[Data entries]
========================================

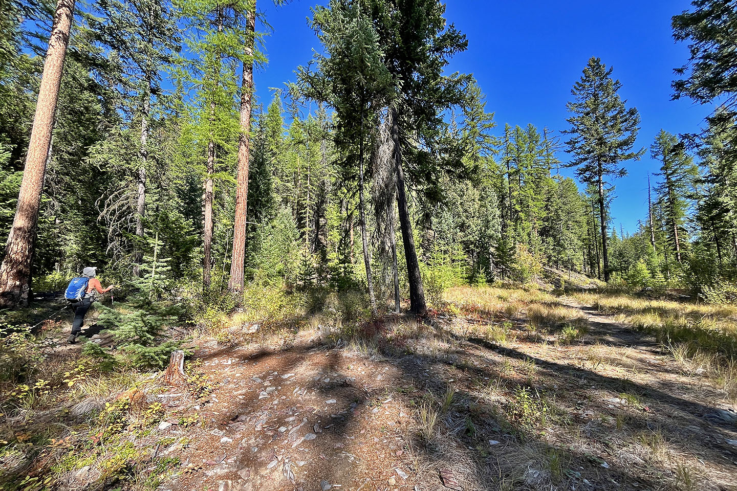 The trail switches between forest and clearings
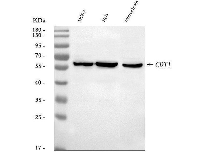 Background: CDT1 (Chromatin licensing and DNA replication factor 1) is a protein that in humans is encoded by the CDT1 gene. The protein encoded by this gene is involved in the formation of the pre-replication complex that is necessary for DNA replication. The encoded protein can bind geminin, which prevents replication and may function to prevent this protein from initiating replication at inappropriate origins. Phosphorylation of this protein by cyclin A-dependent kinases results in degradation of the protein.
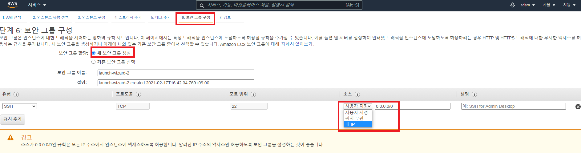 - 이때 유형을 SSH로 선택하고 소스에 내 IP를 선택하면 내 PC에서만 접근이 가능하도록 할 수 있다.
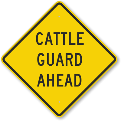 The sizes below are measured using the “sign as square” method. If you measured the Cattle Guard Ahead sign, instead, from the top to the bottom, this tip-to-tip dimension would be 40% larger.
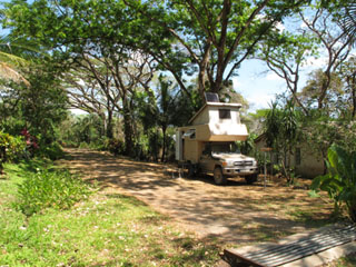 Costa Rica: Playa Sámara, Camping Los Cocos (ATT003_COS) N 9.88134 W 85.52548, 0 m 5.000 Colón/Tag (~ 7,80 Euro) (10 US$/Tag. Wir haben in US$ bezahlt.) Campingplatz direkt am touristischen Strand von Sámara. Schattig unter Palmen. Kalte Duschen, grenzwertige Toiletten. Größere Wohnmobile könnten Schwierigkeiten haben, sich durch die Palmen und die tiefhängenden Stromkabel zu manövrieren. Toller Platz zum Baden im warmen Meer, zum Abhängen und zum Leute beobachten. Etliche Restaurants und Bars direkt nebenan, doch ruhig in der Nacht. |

========================================

Work task
Once the pictures are removed, print all the remaining data exactly as it stands.

Written solution
 The trail switches between forest and clearings
 Background: CDT1 (Chromatin licensing and DNA replication factor 1) is a protein that in humans is encoded by the CDT1 gene. The protein encoded by this gene is involved in the formation of the pre-replication complex that is necessary for DNA replication. The encoded protein can bind geminin, which prevents replication and may function to prevent this protein from initiating replication at inappropriate origins. Phosphorylation of this protein by cyclin A-dependent kinases results in degradation of the protein.
 - 이때 유형을 SSH로 선택하고 소스에 내 IP를 선택하면 내 PC에서만 접근이 가능하도록 할 수 있다.
 The sizes below are measured using the “sign as square” method. If you measured the Cattle Guard Ahead sign, instead, from the top to the bottom, this tip-to-tip dimension would be 40% larger.
 Costa Rica: Playa Sámara, Camping Los Cocos (ATT003_COS) N 9.88134 W 85.52548, 0 m 5.000 Colón/Tag (~ 7,80 Euro) (10 US$/Tag. Wir haben in US$ bezahlt.) Campingplatz direkt am touristischen Strand von Sámara. Schattig unter Palmen. Kalte Duschen, grenzwertige Toiletten. Größere Wohnmobile könnten Schwierigkeiten haben, sich durch die Palmen und die tiefhängenden Stromkabel zu manövrieren. Toller Platz zum Baden im warmen Meer, zum Abhängen und zum Leute beobachten. Etliche Restaurants und Bars direkt nebenan, doch ruhig in der Nacht. |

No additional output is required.